Yes, Superman meets Lois Lane, Batman, and Wonder Woman for the first time. Those moments under Miller’s creative stewardship should have been legendary.
Sadly, they’re underwhelming and felt almost inauthentic, which is really weird considered who wrote this book.
There was absolutely no payoff to seeing Superman rescue Lois Lane for the first time. There was a tiny bit of will they, won’t they, but that was it. Later, Lois reported a Superman story on the scene, but she would have done that anyway. It didn’t have to be a romantic deal, especially since we know where Superman ends up in the relationship department. It just had to be different. However, there was nothing.
Batman v. Superman: Dawn of Justice is a masterpiece compared to how the DC trinity met here for the first time.
Batman comes off as a cocky frat boy who thinks he’s going to punch Superman into submission and is uncharacteristically unprepared. Wonder Woman broke up the “fight” and essentially formed the Justice League with two sentences. Why would anyone stop what they’re doing and ultimately listen to someone they just met?

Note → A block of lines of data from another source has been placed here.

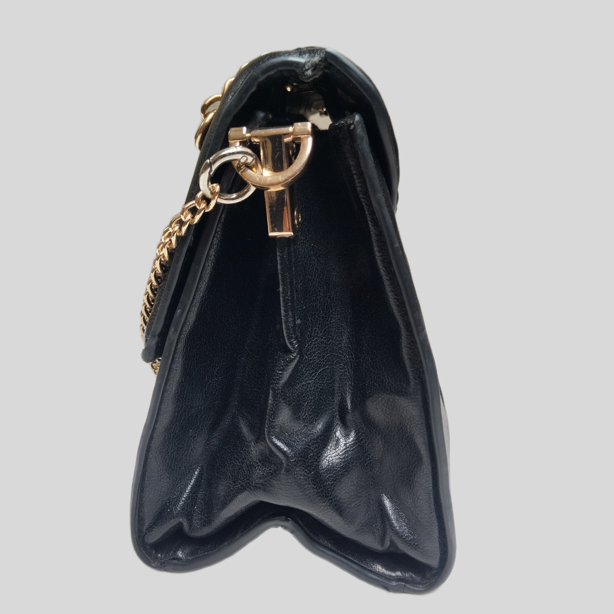 This Mango Black Leather Bag is the ideal size for carrying all your essential items without feeling bulky. Featuring multiple compartments and pockets, it offers organized storage for your phone, wallet, keys, and more. The soft interior lining ensures your belongings stay protected at all times. With its highly adaptable shoulder strap, you can switch between a comfy crossbody wear or elegant handheld placement, making it a suitable choice for any occasion.
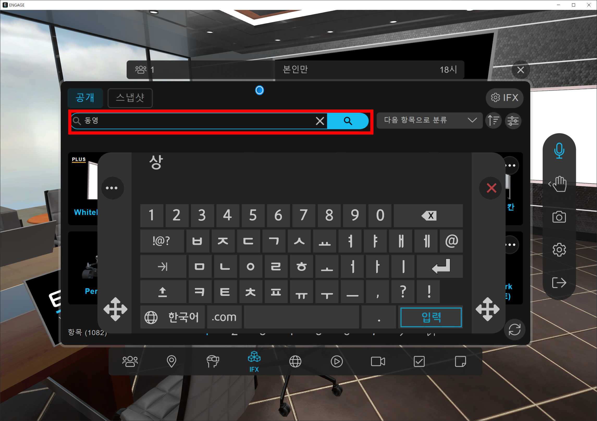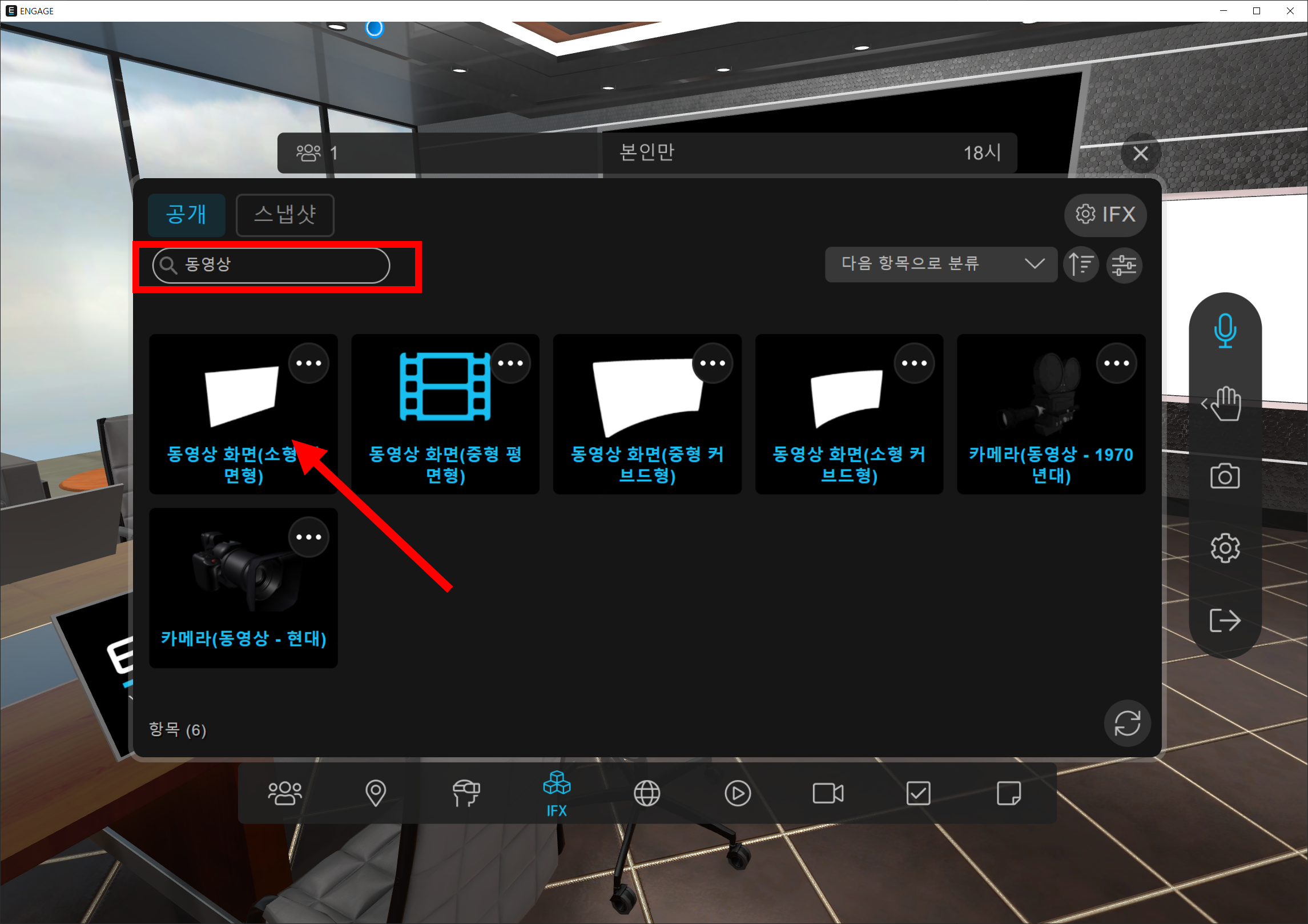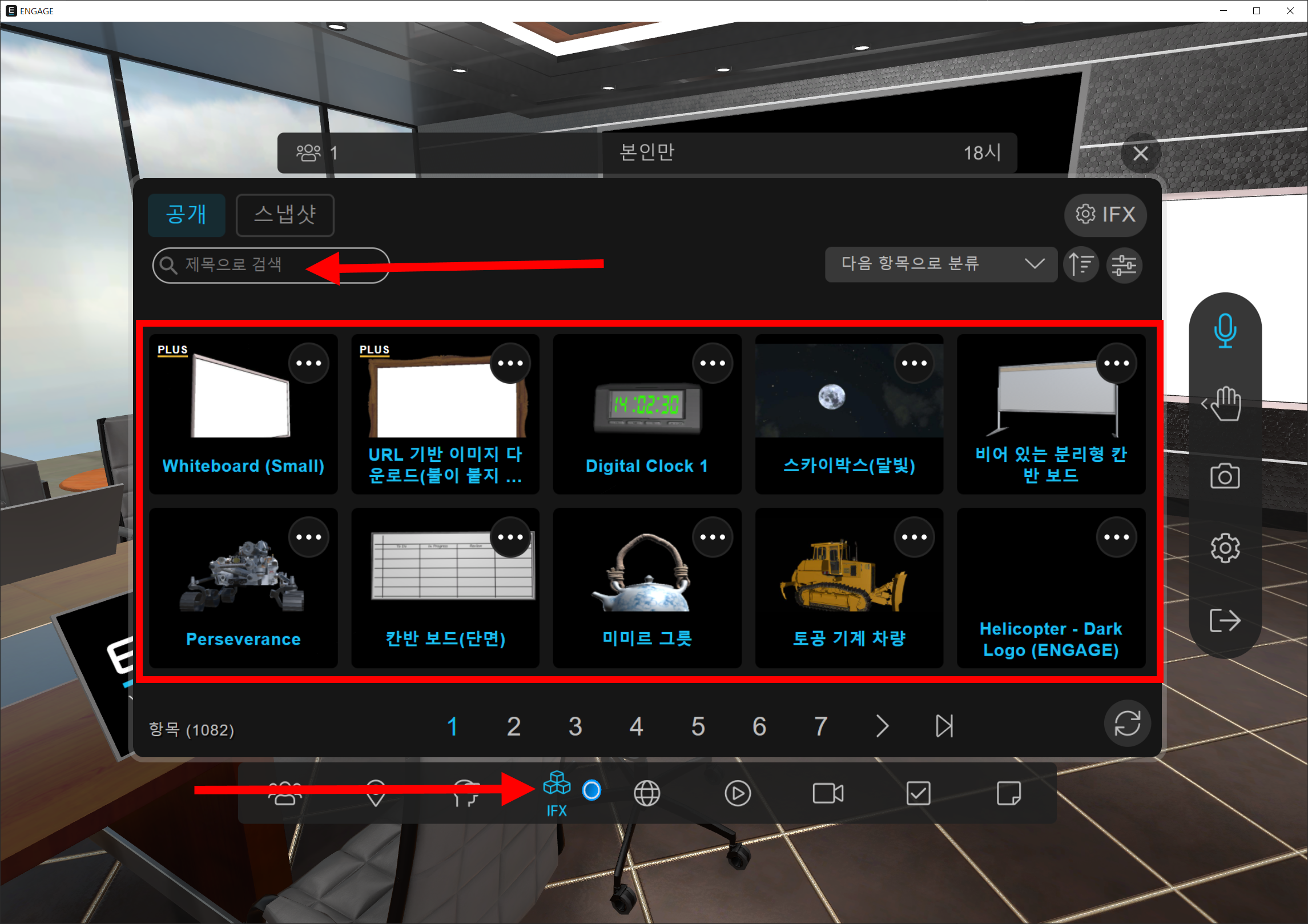 8)IFX 메뉴를 선택하면 공간에 추가할수있는 다양한 종류의 오브젝트 목록을 표시합니다. 제목으로 검색을 클릭합니다.
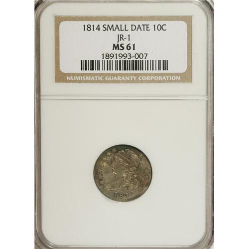 <B>1814 10C Small Date MS61 NGC.</B></I> JR-1, R.3. The sole Small Date die marriage. Pearl-gray and jade-green enrich this shimmering and boldly struck example. The fields are strongly clashed, but consequential contact is absent.<BR><BR><b>Shipping:</b> Coins & Currency (<a target="_blank" href="http://www.heritageauctions.com/common/shipping.php">view shipping information</a>)
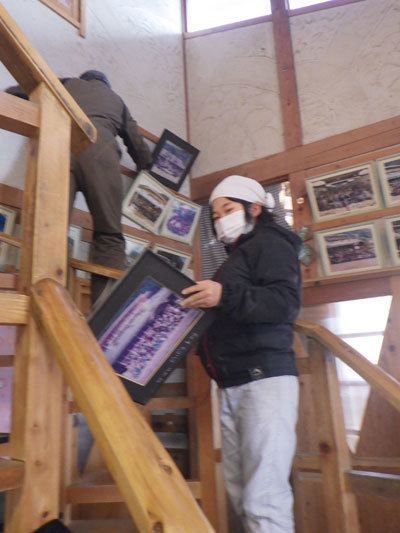 歴代の写真にもほこりがかぶっています。一つ一つきれいにして、37年目のだいだらぼっちの締めくくります。
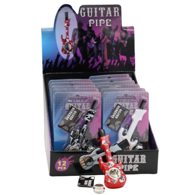 GUITAR DESIGN METAL HAND PIPE WITH SCREEN -BOX OF 12 (SCP10032)
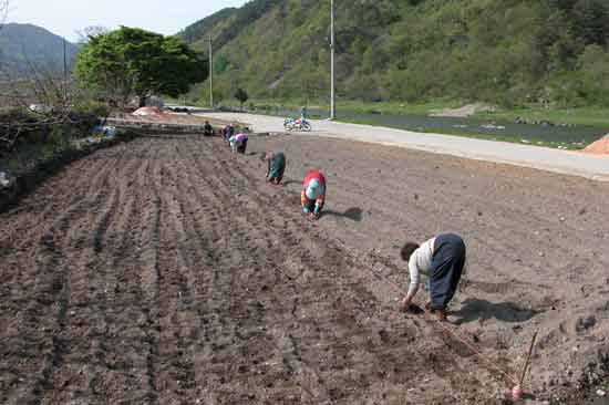 | ▲ 진뫼마을 앞 섬진강변의 밭에서 한데 어울려 산두 심는 어머니들. 2004년 봄. |
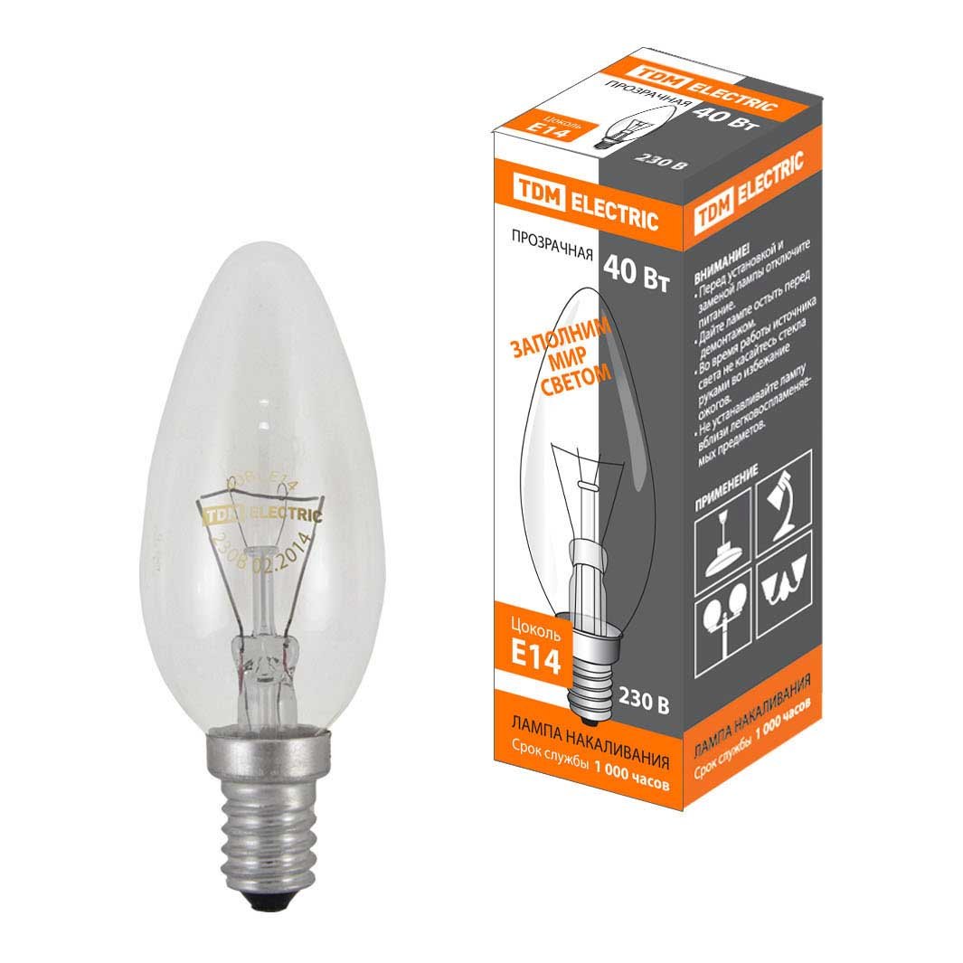 Лампа накаливания в форме свечи с цоколем E14 и размерами 100 мм по высоте и диаметром в 35 мм обладает мощностью в 40 W, благодаря чему она может осветить 2.7 кв. м. Изделие рассчитано на использование в сети с переменным напряжением в 220-240В.

A slight twist involving a popular Superman villain came out of nowhere and without rhyme or reason. The individual behind the mysterious and confusing narration is revealed and ultimately disappointing because it implies a sequel is in the works, which, no, just, no.
When it comes to the book’s illustrative features, John Romita Jr. and Danny Miki provide energy with each turn of the page. The character work is well-rendered, and the color pallet fills out the panels quite nicely. The artwork is excellent but not enough to balance out a lackluster narrative.
In some respects, it appeared as if Frank Miller wanted to write an Aquaman story instead of Superman.
In other aspects, Year One felt like a first draft that banked on the reputation of his previous work to anchor this series. Not only were the ideas presented uninspired, but the execution is also at best, haphazard. The art department, on the other hand, came to work. It’s hard to believe someone read this at the publishing level and genuinely believed this story would knock our socks off.
This issue and the series as a whole is a hollow cash grab banking on the name of its famed author.